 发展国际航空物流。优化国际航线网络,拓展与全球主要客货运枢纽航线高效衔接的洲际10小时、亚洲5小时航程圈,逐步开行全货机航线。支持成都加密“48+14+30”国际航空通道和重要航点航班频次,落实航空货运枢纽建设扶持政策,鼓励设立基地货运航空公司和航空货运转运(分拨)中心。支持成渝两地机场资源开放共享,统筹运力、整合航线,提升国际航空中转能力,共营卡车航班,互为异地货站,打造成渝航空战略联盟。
...
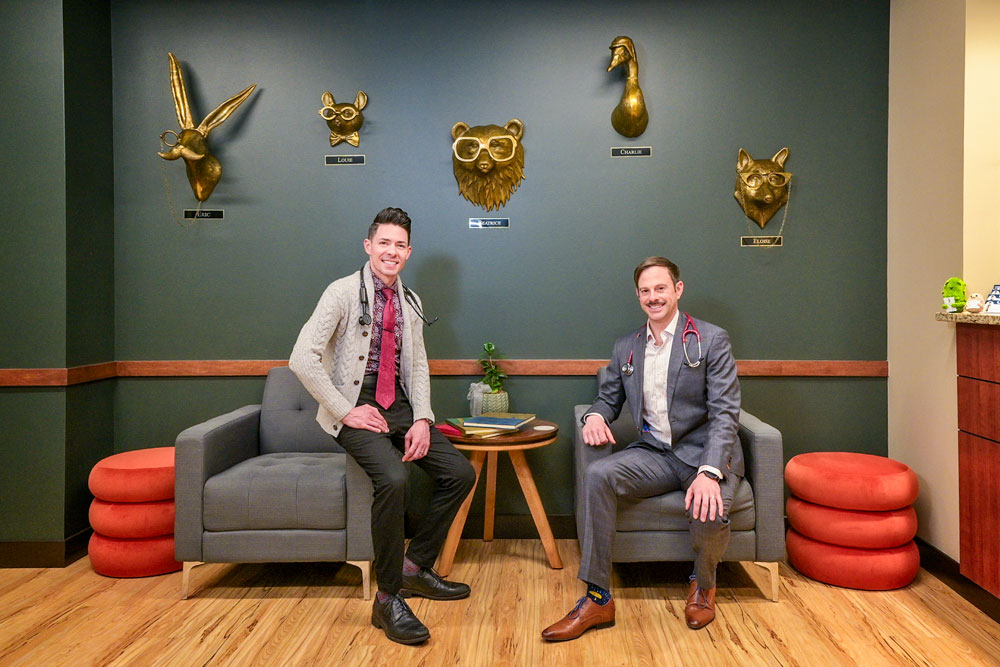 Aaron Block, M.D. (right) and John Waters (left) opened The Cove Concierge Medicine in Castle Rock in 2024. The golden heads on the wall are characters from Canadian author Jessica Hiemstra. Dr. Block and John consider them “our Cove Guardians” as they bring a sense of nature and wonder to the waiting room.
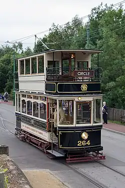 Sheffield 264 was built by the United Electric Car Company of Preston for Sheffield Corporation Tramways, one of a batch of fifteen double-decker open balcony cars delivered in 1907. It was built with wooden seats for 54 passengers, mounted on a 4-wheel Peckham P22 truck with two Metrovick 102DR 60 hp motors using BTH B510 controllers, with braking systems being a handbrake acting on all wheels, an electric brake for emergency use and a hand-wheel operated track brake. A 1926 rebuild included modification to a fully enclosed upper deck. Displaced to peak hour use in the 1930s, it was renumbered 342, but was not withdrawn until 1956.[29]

> [Exercise aim]
What you return from the records above should be exactly everything from the line with "Aaron Block, M.D." down to the line with "Sheffield 264 was", both kept, and no pictures.

> [Answer to this exercise]
 Aaron Block, M.D. (right) and John Waters (left) opened The Cove Concierge Medicine in Castle Rock in 2024. The golden heads on the wall are characters from Canadian author Jessica Hiemstra. Dr. Block and John consider them “our Cove Guardians” as they bring a sense of nature and wonder to the waiting room.
 Sheffield 264 was built by the United Electric Car Company of Preston for Sheffield Corporation Tramways, one of a batch of fifteen double-decker open balcony cars delivered in 1907. It was built with wooden seats for 54 passengers, mounted on a 4-wheel Peckham P22 truck with two Metrovick 102DR 60 hp motors using BTH B510 controllers, with braking systems being a handbrake acting on all wheels, an electric brake for emergency use and a hand-wheel operated track brake. A 1926 rebuild included modification to a fully enclosed upper deck. Displaced to peak hour use in the 1930s, it was renumbered 342, but was not withdrawn until 1956.[29]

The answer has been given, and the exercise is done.